Problem to solve
Could you reproduce, exactly as written, every line from the one containing "- Sherpa anticipa" through the last line of the records, and nothing else?

Available data
= Beginning of Section =
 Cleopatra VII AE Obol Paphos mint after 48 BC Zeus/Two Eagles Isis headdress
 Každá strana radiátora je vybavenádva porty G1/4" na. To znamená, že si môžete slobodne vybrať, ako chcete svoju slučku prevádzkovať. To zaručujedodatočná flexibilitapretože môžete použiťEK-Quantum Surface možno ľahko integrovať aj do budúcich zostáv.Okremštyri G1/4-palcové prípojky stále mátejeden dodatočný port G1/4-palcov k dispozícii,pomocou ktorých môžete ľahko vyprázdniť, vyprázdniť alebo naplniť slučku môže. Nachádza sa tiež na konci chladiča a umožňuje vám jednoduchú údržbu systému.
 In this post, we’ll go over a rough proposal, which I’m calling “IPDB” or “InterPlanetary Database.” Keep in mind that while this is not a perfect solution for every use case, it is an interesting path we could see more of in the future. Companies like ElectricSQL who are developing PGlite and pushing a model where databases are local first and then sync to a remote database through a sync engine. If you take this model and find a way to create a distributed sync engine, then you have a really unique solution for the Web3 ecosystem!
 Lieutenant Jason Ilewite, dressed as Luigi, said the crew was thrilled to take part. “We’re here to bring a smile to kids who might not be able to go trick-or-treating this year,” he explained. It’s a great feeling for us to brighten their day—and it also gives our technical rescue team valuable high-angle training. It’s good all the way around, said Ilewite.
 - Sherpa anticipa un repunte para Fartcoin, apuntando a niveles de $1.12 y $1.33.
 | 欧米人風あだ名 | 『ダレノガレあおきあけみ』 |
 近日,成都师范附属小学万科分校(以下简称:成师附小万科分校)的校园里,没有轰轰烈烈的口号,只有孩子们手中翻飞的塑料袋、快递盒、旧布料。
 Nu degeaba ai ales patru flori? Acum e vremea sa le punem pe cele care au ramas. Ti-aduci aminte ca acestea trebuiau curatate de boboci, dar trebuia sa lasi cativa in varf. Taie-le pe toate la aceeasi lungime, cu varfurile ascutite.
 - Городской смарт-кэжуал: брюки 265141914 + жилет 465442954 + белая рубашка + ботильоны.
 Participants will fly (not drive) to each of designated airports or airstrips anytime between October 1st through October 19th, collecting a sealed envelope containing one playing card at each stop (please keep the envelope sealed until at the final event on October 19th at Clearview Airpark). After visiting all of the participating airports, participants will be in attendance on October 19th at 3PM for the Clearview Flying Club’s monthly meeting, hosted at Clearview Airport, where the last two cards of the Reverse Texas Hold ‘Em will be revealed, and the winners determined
= End of Section =
Response
 - Sherpa anticipa un repunte para Fartcoin, apuntando a niveles de $1.12 y $1.33.
 | 欧米人風あだ名 | 『ダレノガレあおきあけみ』 |
 近日,成都师范附属小学万科分校(以下简称:成师附小万科分校)的校园里,没有轰轰烈烈的口号,只有孩子们手中翻飞的塑料袋、快递盒、旧布料。
 Nu degeaba ai ales patru flori? Acum e vremea sa le punem pe cele care au ramas. Ti-aduci aminte ca acestea trebuiau curatate de boboci, dar trebuia sa lasi cativa in varf. Taie-le pe toate la aceeasi lungime, cu varfurile ascutite.
 - Городской смарт-кэжуал: брюки 265141914 + жилет 465442954 + белая рубашка + ботильоны.
 Participants will fly (not drive) to each of designated airports or airstrips anytime between October 1st through October 19th, collecting a sealed envelope containing one playing card at each stop (please keep the envelope sealed until at the final event on October 19th at Clearview Airpark). After visiting all of the participating airports, participants will be in attendance on October 19th at 3PM for the Clearview Flying Club’s monthly meeting, hosted at Clearview Airport, where the last two cards of the Reverse Texas Hold ‘Em will be revealed, and the winners determined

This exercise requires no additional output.